— DATA FOR PROCESSING —
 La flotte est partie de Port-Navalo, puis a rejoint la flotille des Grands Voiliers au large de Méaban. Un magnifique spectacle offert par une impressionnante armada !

==

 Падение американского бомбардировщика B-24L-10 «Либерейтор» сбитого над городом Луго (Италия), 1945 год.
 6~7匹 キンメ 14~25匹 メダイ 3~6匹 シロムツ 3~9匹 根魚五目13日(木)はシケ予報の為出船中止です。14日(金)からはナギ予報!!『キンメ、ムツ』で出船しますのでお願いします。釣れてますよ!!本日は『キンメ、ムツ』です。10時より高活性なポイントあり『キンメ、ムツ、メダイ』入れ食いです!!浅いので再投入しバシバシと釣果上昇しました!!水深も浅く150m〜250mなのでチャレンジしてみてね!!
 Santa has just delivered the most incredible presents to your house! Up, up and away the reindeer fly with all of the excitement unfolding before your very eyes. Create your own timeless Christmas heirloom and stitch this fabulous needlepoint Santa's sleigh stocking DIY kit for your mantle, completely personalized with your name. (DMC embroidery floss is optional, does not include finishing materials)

— WHAT THIS TASK INVOLVES —
What is needed is an exact copy of the lines above, from the one containing "Падение американского бомбардировщика" through the one containing "Santa has just", with nothing added.

— RESPONSE BELOW —
 Падение американского бомбардировщика B-24L-10 «Либерейтор» сбитого над городом Луго (Италия), 1945 год.
 6~7匹 キンメ 14~25匹 メダイ 3~6匹 シロムツ 3~9匹 根魚五目13日(木)はシケ予報の為出船中止です。14日(金)からはナギ予報!!『キンメ、ムツ』で出船しますのでお願いします。釣れてますよ!!本日は『キンメ、ムツ』です。10時より高活性なポイントあり『キンメ、ムツ、メダイ』入れ食いです!!浅いので再投入しバシバシと釣果上昇しました!!水深も浅く150m〜250mなのでチャレンジしてみてね!!
 Santa has just delivered the most incredible presents to your house! Up, up and away the reindeer fly with all of the excitement unfolding before your very eyes. Create your own timeless Christmas heirloom and stitch this fabulous needlepoint Santa's sleigh stocking DIY kit for your mantle, completely personalized with your name. (DMC embroidery floss is optional, does not include finishing materials)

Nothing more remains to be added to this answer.